30, 2012, 68% of the company's real estate owned (REO) and real estate
held for investment, which represent loans on which the company has
foreclosed, consists of condominium and land collateral.
HIGH LEVERAGE
Despite an improved debt maturity profile, the company's leverage
measured on a GAAP earnings basis (defined as net debt divided by annual
recurring operating EBITDA) of approximately 21x as of Dec. 31, 2012
remains stubbornly high, although it is down from approximately 26x as
of Dec. 31, 2011. Reported EBITDA may understate SFI's cash generation
power, given that the accounting for non-performing loans and REO allows
it to recognize income only upon cash receipt or resolution of the loan.

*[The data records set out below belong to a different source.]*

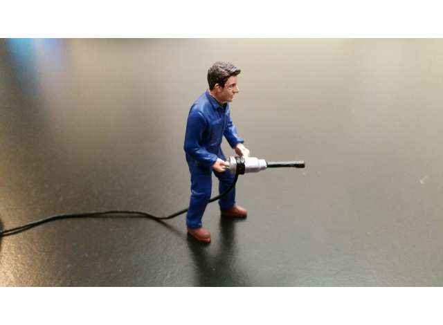 Mechanic fastening wheelnuts With tool.Hand painted detailed diorama figure in overall
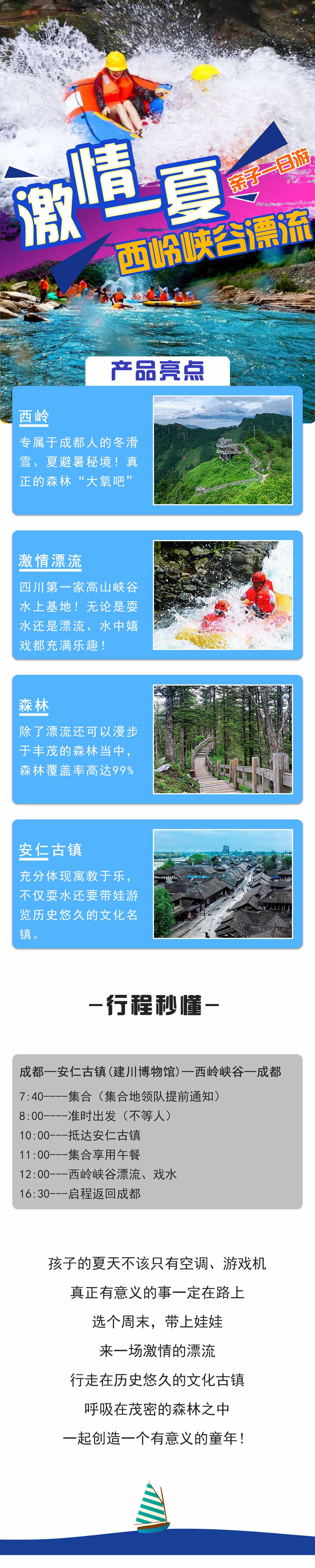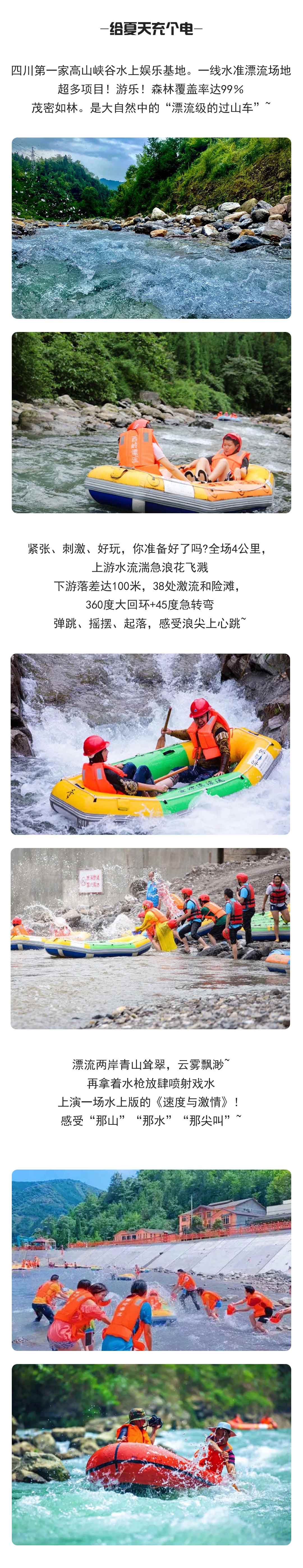 你还在市内感受着39度高温的煎熬吗?娃娃每天吹着空调过的夏天快乐吗?不如来一场激情漂流吧!距离近,当日往返。玩得爽,激情无限。专业人员全程安全保障,出行体验直线飙升! [产品性质]本产品为亲子游,儿童需家长陪同参加。(10岁以上儿童与成人同价,10岁以视情况而定需配备安全员50元/人) [成团须知]15-30人成团 [行程亮点]激情漂流,森林氧吧,文化古镇 [集合解散]成都出发,成都散团 [特别告知]本产品属于亲子游产品,真纯玩无购物。
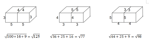 兩個長方體的長、寬、高分別為5厘米,4厘米,3厘米,把它們拼成一個大長方體,則這個大長方體的體對角線的最大值為( )。
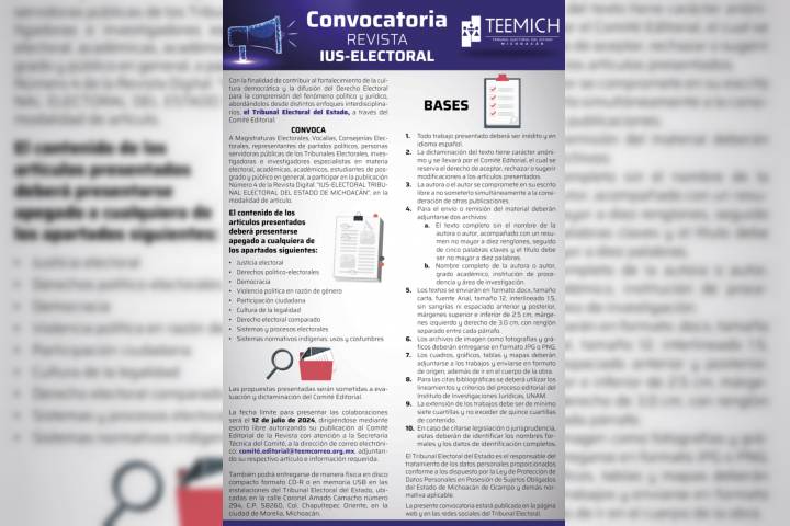 NOTICIAS 02/04/2024TEEMICH publica convocatoria para participar en el número 4 de "IUS - ELECTORAL TRIBUNAL ELECTORAL DEL ESTADO DE MICHOACÁN"Con la finalidad de contribuir al fortalecimiento de la cultura democrática y la difusión del Derecho Electoral para la comprensión del fenómeno político y jurídico, abordándolos desde distintos enfoques interdisciplinarios, el Tribunal Electoral del Estado, a través del Comité Editorial a participar en la publicación Número 4 de la Revista Digital: "IUS-ELECTORAL TRIBUNAL ELECTORAL DEL ESTADO DE MICHOACÁN", en la modalidad de artícu... Ver más...
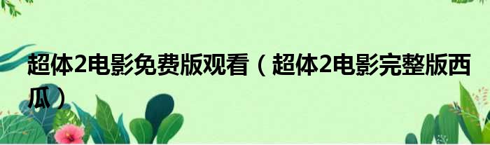 导读 大家好,今天小六子来为大家解答以下的问题,关于超体2电影免费版观看,超体2电影完整版西瓜这个很多人还不知道,现在让我们一起来看看吧!1
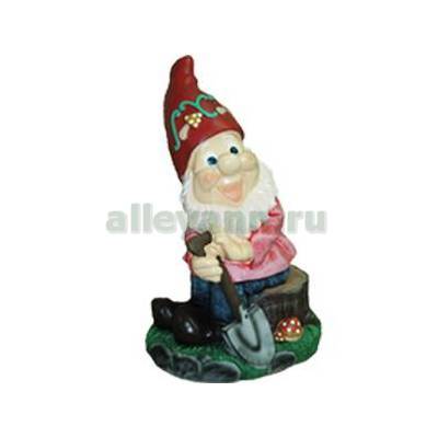 Фигура садовая ГНОМ С ЛОПАТКОЙ НА ПНЕ в Уфе

For example, the company generated over $1.1 billion of asset
monetizations during 2012, mostly from repayments of and principal
collections on loans, driving a $1.1 billion reduction in total debt
during 2012.
LOW COVERAGE
Fixed charge coverage (defined as recurring operating EBITDA before
non-cash impairments, provisions and gains divided by the sum of
interest expense and preferred stock dividends) was only 0.5x for the
year ended Dec. 31, 2012, compared with 0.6x and 1.0x for the years
ended Dec. 31, 2011 and 2010, respectively. Fitch expects this ratio to
strengthen moderately as the company reduces debt from asset sales and
begins to recognize additional GAAP earnings from lease-up of assets
within its operating property segment and sales of residential
properties.
CONSTRAINED GROWTH
The company is moderately constrained by non-compliance with an
unsecured bond fixed charge incurrence covenant, which limits the
company's ability to incur any additional debt to grow its investment
portfolio. SFI's growth will occur via investment of asset sales
proceeds, such as the recently announced sale of LNR Property LLC and
from external capital raising, such as the company's recent $200 million
convertible preferred stock offering.
LOWER QUALITY UNENCUMBERED POOL
SFI's corporate unsecured obligations will need to be serviced by the
company's unencumbered pool, income from assets serving as collateral
for the 2012 secured financings, and external sources of liquidity,
given that both the 2012 senior secured financing and October 2012
secured credit facility debt transactions require that collateral
repayments, sales proceeds and other monetizations be used primarily to
repay debt encumbering collateral pools for each financing. As of Dec.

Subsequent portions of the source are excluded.